Maintaining Persistent Connections
- After authentication, the user’s device pings periodically or sends heartbeats so the Gateway knows the user is still connected.
- If heartbeats stop (due to app closure or network issues), the Gateway cleans up the session and signals the Presence Service that the user went offline.
Message Ingress
- When the user sends a message, the app packages it into a JSON object (or binary protocol) and sends it over the WebSocket.
- The Gateway receives the packet, checks if the user is authorized to perform this action, and then forwards it to the Chat Service.
- The Gateway does minimal logic on the content—its primary job is message forwarding and session management.
Message Egress
- The Chat Service or Group Management Service determines which recipients need to receive a message.
- It returns either a direct response or uses a push pipeline to inform the Gateway which user IDs (and corresponding session IDs) need the message.
- The Gateway uses its in-memory session map to find active connections for those recipients and sends the message down each open socket.

Corner Cases and Potential Solutions

Dropped Connections / Poor Network
- Corner Case: A user’s connection might repeatedly drop because of poor mobile data or Wi-Fi.
- Solution: Use robust reconnect logic in the client.

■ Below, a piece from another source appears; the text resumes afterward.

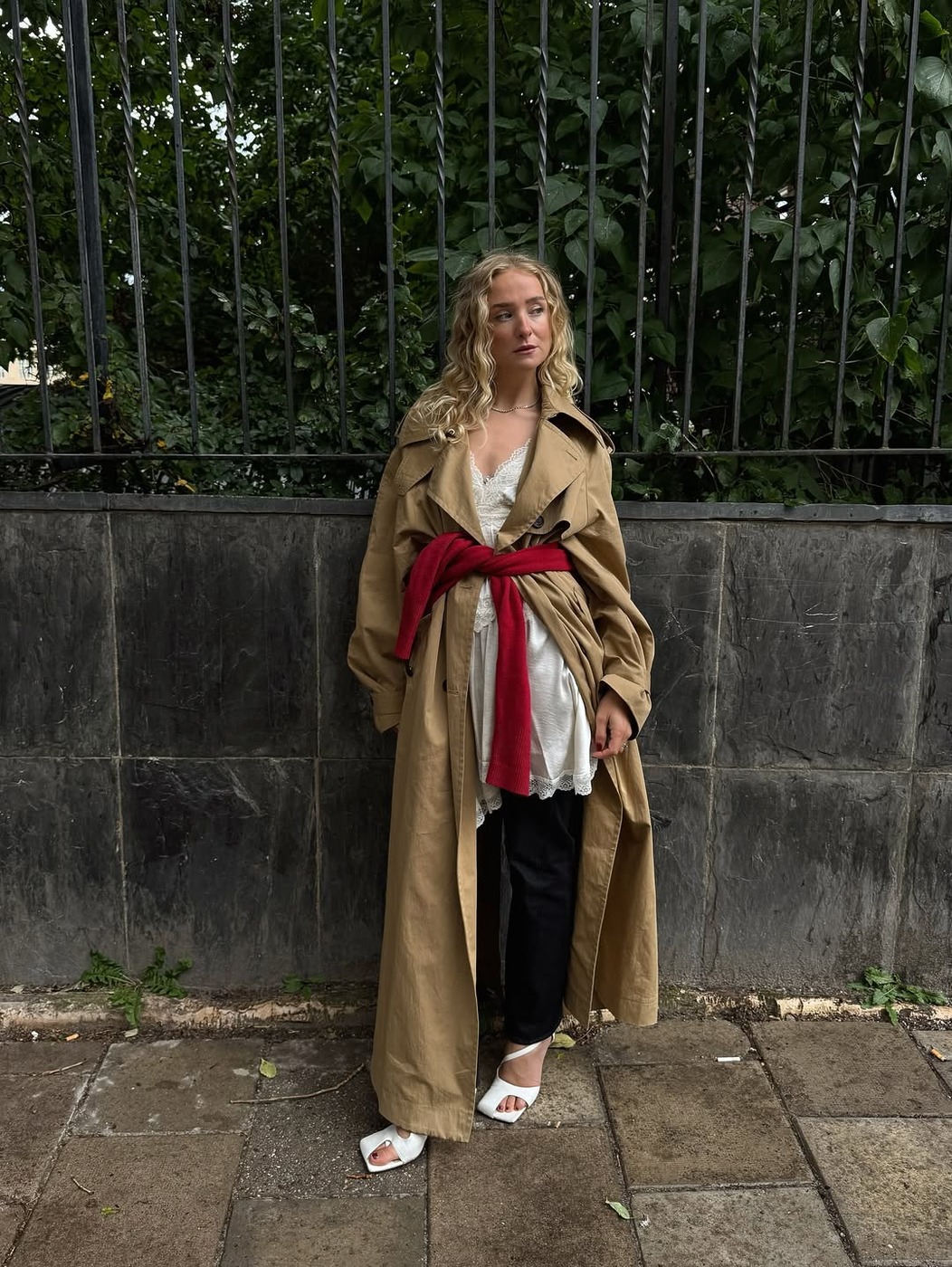 트렌치 코트를 입고 니트를 허리에 묶는 순간, 룩은 더 이상 클래식에 머물지 않습니다. 레드 니트가 벨트처럼 실루엣을 조이고, 동시에 컬러 악센트까지 책임지는데요. 단정한 듯 과감하고, 실용적인 듯 장난스럽습니다. 니트는 가을을 정의하는 액세서라는 걸 아는 사람이야말로 진짜 고수죠.

The Gateway should handle partial sessions gracefully—mark the user offline after a short timeout, and once the user reconnects, the Gateway re-establishes the session.
High Throughput / Load Spikes
- Corner Case: Suppose tens of millions of users connect simultaneously (e.g., a global event).
- Solution: Horizontal Scaling of Gateway nodes behind a load balancer. Store ephemeral session data in a distributed cache like Redis or a shared consistent store so that any node can route messages for a particular user.
Routing Messages to the Wrong User
- Corner Case: If the Gateway’s session mapping is corrupted, messages may get delivered to the wrong session.
- Solution: Strict session validation, request-level authorization, and user-specific encryption keys so that even if a route is mistaken, the wrong user can’t decrypt the message.
Token Expiry / Re-authentication
- Corner Case: Users might have invalid tokens or tokens that expire mid-connection.
- Solution: The Gateway periodically re-verifies tokens or listens for revocation events from the User Service. If the token is invalid, the session is closed, forcing a re-login.
Presence Sync Delays
- Corner Case: A user toggles between online/offline rapidly, resulting in presence update thrashing.
- Solution: Debounce presence updates. The Gateway might hold changes for a few seconds before broadcasting them, ensuring stable presence signals.

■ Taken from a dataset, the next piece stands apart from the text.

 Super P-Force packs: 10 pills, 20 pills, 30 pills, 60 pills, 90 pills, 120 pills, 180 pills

Through these mechanisms, the Gateway remains a stateless (or minimally stateful) front door that is easy to scale, resilient to failures, and able to serve as the real-time bridge between clients and backend chat logic.

B. Chat Service & Group Management Service (Combined)

Overview and Purpose

In a WhatsApp-like system, the Chat Service and Group Management Service form the heart of messaging logic:

Chat Service:
1. Handles the send, receive, and acknowledgment flow for one-to-one and group messages.
2. Persists messages to the Message Store for durability.
3. Manages “delivery” and “read” states, updating the sender accordingly.
Group Management Service:
1. Creates and manages groups (add/remove participants, group naming, admin roles).
2. Coordinates with the Chat Service to perform fan-out of messages to all group participants.

The Chat Service is the “engine” that processes messages, while the Group Management Service ensures we know who to deliver group messages to and who has permissions to do so.

Chat & Group Management connect to:

Gateway / Connection Manager (inbound user messages, outbound notifications)
Presence Service (to check who is online and possibly show “typing” or presence info)
Message Store (for durable saving of messages)
Notification Service (to issue push if recipients are offline)
User Service (to confirm user identities, retrieve phone number or profile info)
Logging & Monitoring (for auditing and metrics)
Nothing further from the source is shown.